§ RECORDS FOR THE EXERCISE
====

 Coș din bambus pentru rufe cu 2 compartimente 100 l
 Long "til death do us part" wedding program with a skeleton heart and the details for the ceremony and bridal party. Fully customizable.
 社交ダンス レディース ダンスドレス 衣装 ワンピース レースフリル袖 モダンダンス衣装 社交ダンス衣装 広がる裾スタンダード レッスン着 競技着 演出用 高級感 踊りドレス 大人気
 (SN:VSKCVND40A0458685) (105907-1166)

====

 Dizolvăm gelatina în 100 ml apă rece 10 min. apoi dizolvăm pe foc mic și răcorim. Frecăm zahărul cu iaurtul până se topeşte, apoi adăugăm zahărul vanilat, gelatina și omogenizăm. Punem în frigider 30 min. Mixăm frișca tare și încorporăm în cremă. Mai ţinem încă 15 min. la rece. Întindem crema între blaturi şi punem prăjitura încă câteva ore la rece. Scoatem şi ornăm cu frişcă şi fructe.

====

§ EXERCISE DESCRIPTION
Above are the records; copy exactly the lines from the line with "party. Fully customizable." through the line with "(SN:VSKCVND40A0458685) (105907-1166)", both included.

§ TASK RESULT
 Long "til death do us part" wedding program with a skeleton heart and the details for the ceremony and bridal party. Fully customizable.
 社交ダンス レディース ダンスドレス 衣装 ワンピース レースフリル袖 モダンダンス衣装 社交ダンス衣装 広がる裾スタンダード レッスン着 競技着 演出用 高級感 踊りドレス 大人気
 (SN:VSKCVND40A0458685) (105907-1166)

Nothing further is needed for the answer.